[Records from a collection]
__________
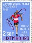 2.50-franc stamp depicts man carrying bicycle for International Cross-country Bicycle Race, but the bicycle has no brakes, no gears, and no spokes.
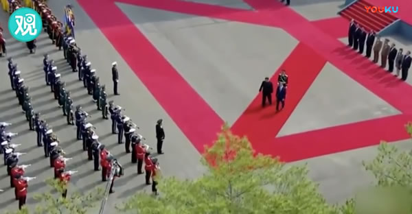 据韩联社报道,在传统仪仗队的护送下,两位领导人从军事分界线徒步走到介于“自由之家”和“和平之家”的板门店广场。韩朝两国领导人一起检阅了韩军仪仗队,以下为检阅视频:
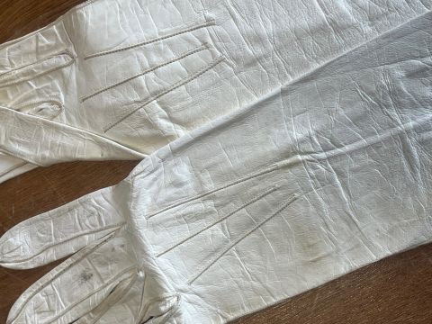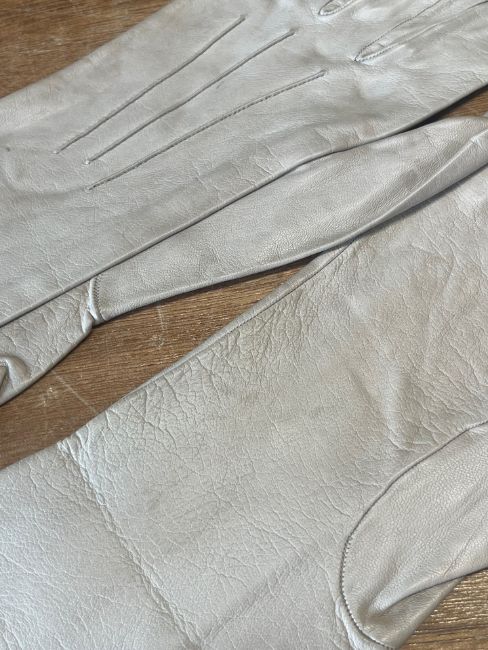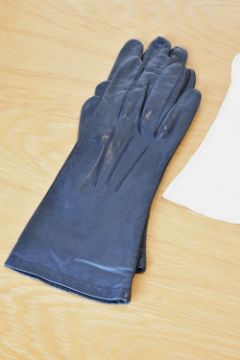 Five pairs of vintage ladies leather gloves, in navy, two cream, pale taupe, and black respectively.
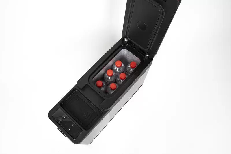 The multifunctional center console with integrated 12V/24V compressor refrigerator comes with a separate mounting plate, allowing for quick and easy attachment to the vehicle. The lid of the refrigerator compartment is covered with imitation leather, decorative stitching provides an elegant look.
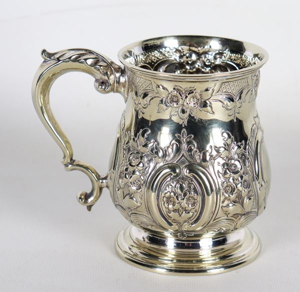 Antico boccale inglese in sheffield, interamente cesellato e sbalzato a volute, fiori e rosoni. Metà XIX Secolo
__________
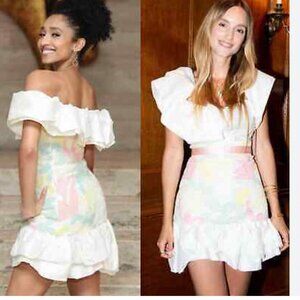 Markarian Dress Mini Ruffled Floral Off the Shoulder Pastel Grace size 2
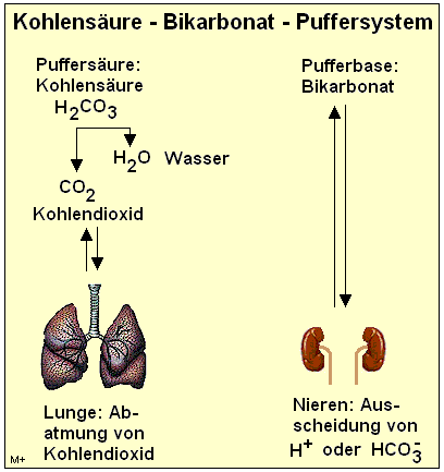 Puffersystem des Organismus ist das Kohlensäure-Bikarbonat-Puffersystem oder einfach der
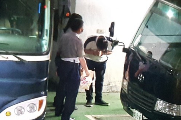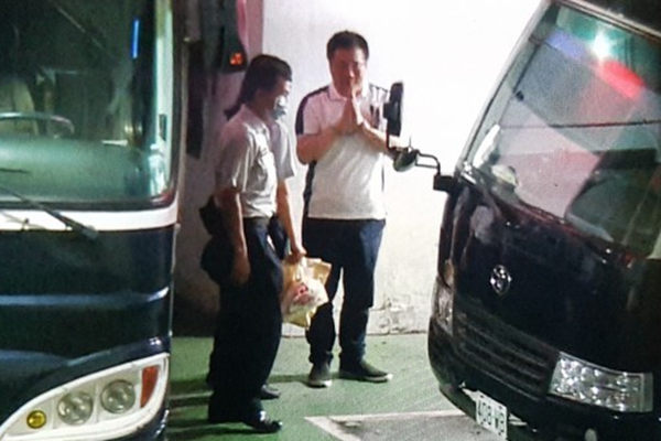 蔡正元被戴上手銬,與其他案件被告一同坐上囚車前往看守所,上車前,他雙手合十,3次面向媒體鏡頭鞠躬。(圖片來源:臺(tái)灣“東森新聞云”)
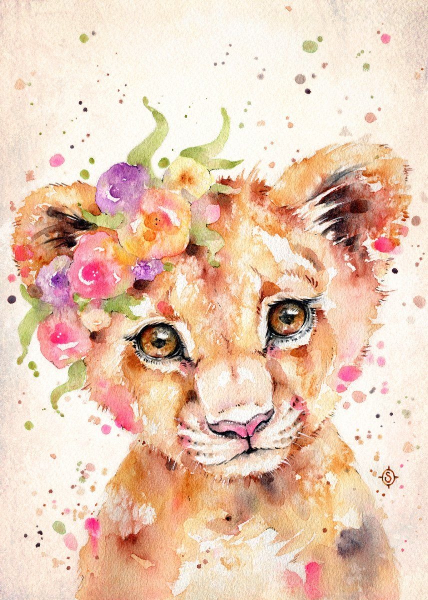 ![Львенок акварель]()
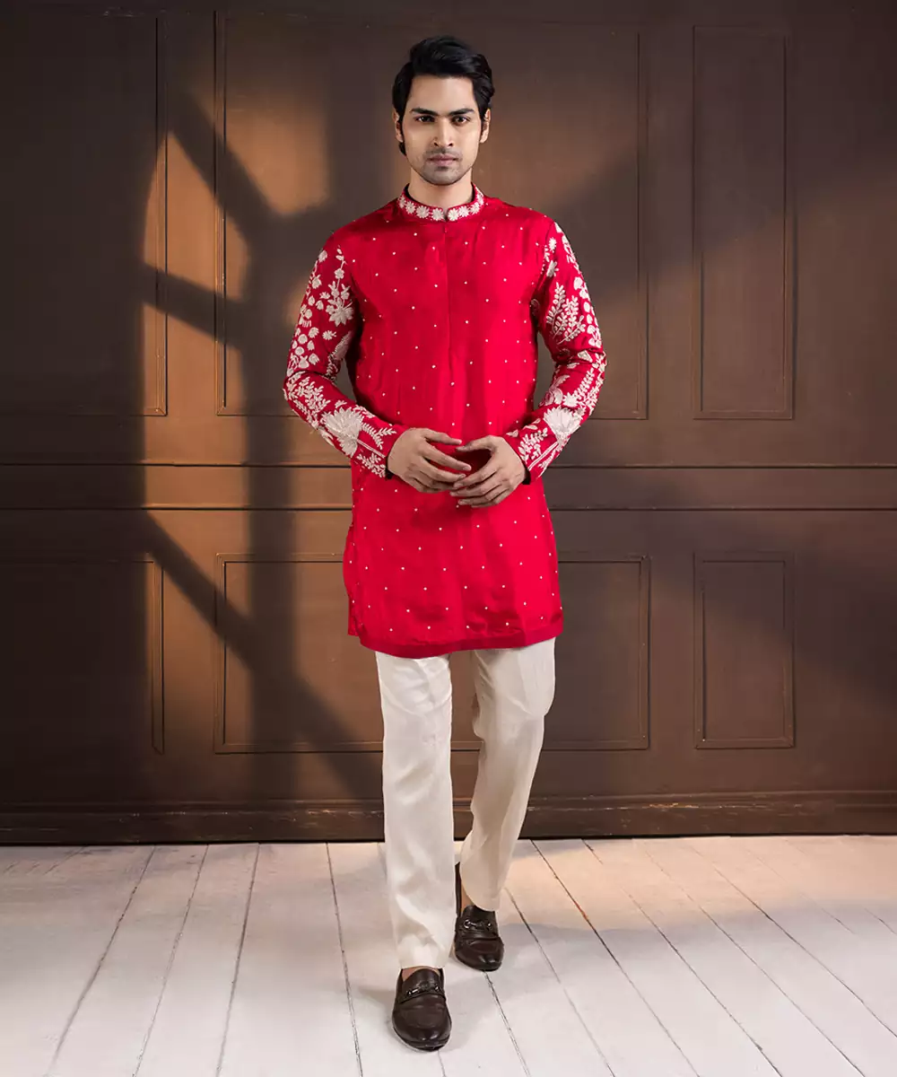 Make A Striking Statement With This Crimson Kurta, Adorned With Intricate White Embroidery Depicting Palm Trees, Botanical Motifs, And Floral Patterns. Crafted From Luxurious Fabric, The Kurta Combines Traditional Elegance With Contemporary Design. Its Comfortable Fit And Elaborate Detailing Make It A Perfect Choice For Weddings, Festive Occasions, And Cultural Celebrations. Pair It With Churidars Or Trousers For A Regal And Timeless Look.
__________
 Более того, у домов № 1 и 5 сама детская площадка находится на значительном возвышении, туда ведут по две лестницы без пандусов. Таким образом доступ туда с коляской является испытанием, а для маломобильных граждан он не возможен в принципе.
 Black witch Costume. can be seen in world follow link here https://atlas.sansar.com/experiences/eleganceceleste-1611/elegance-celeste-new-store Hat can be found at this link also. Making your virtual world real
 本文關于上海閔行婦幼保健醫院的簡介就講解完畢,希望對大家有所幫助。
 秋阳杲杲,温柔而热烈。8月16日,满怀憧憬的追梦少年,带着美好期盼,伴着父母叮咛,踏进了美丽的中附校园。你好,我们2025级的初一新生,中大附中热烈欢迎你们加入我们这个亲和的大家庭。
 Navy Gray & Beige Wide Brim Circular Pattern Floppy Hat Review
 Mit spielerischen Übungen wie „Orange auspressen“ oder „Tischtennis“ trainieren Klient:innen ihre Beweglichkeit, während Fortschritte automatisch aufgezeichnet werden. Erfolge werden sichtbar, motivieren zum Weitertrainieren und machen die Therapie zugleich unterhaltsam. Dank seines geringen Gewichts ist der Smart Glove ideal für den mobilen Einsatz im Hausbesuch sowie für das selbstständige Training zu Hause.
__________
[EXERCISE]
Copy out only the lines above from the one with "本文關于上海閔行婦幼保健醫院的簡介就講解完畢,希望對大家有所幫助。" to the one with "Navy Gray &", inclusive, exactly as they stand.

[EXERCISE SOLUTION]
 本文關于上海閔行婦幼保健醫院的簡介就講解完畢,希望對大家有所幫助。
 秋阳杲杲,温柔而热烈。8月16日,满怀憧憬的追梦少年,带着美好期盼,伴着父母叮咛,踏进了美丽的中附校园。你好,我们2025级的初一新生,中大附中热烈欢迎你们加入我们这个亲和的大家庭。
 Navy Gray & Beige Wide Brim Circular Pattern Floppy Hat Review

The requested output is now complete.